Innovation is only possible if supported by digital skills

Innovation is only possible if supported by digital skills
Tanja Tatomirović
Tanja Tatomirović, Communications Lead for 24 countries in Europe and Eurasia, Microsoft

2020 may be one of the most challenging years we have encountered. Small and medium-sized enterprises and some of the largest companies have experienced unprecedented changes in the market and their business. From the restricted movement of people and goods or even disrupted supply chains to telecommuting and cybersecurity threats resulting from the pandemic changes, we are all forced to adjust to a new normal (or post-normal) and become more innovative than ever before.

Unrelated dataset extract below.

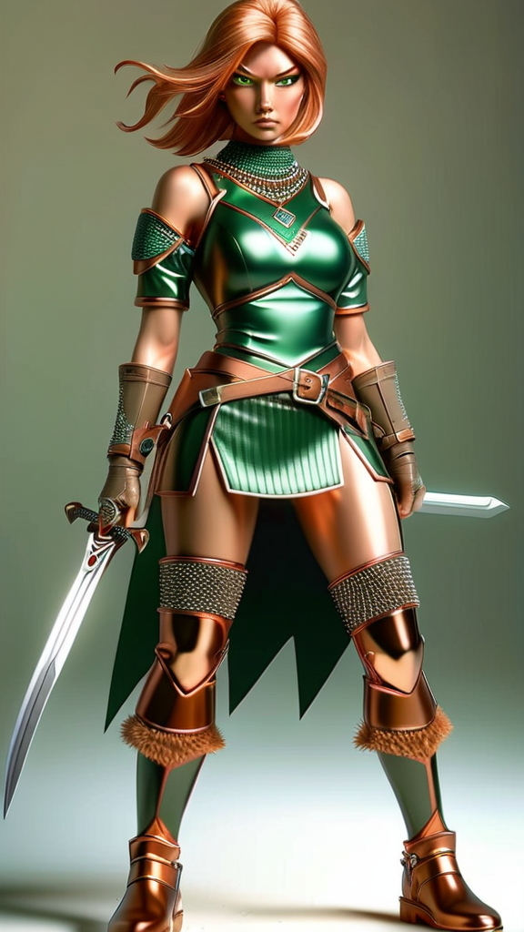 Supervillain, warrior, assassin. Caucasian female, medium height, thin but athletic, quick and dexterous. Brown eyes (always alert), thin eyebrows, average looks. Short length sandy blonde hair just above the shoulders, middle parted with feathered Bangs and volumous feathered hairstyle. Off the shoulder hunter green crop-top with short sleeves and Copper chainmail armor accents, exposing her midriff. Copper bracers on arms. A triangular hunter-green short skirt, the long part in the middle and high on the sides of the hips, joined and held by Copper chainmail accents. Copper colored bucket boots just below the knees, medium boot heels. She carries 2 razor sharp katanas, electrified to zap her target as well as cut them. If she faces any sort of physical attack, she automatically teleports away from the attack. Her bosses send her when they want someone killed quick, and she's more than happy to oblige. Full body pose.

From the beginning of the year, it has become evident that the companies which introduced new technology-based business innovation earlier have been less affected by the crisis, thus motivating others to innovate and adjust quickly. The new business circumstances around the world have created a range of new jobs that require digital skills. Today, they are necessary to a larger or smaller extent for most employees and represent a job opportunity for vulnerable groups – those with lower incomes, women, and underrepresented minorities, namely all those previously hit the most by job and basic income loss. But, this is not only about survival. It is also for further progress because if we stay in the past, looking for excuses in the new circumstances, and do not strive towards innovation, there will be no progress at all.

According to the company’s calculations, global unemployment in 2020 may reach up to a quarter of a billion people. The estimate does not refer to underdeveloped and developing countries, but also some of the wealthiest ones and those with the most stable economies. In the United States alone, the Congressional Budget Office estimates a 12.3 percent increase (from 3.5% to 15.8%) in the unemployment rate, equating to more than 21 million newly out-of-work people. In countries with weaker economies, the situation may provoke even more concerns.

To provide people worldwide who will be part of these infamous statistics with an opportunity to overcome challenges in turbulent times, as well as to empower the IT community and educate new innovators, in June 2020, Microsoft created and launched a global initiative aimed at additionally educating people in the area of digital skills. The aim of the initiative is to have 25 million people worldwide master new skills by the end of the year, which will help them and the economies of the countries where they live and work. This initiative includes engagement of the entire Microsoft, namely all its parts. It also combines the existing and new resources from LinkedIn, GitHub, and Microsoft.  It refers to three areas of activity:

  1. The use of data to identify in-demand jobs and the skills needed to fill them,
  2. Free access to learning paths and content to help people develop the skills these positions require,
  3. Low-cost certifications and free job-seeking tools to help people who develop these skills pursue new jobs.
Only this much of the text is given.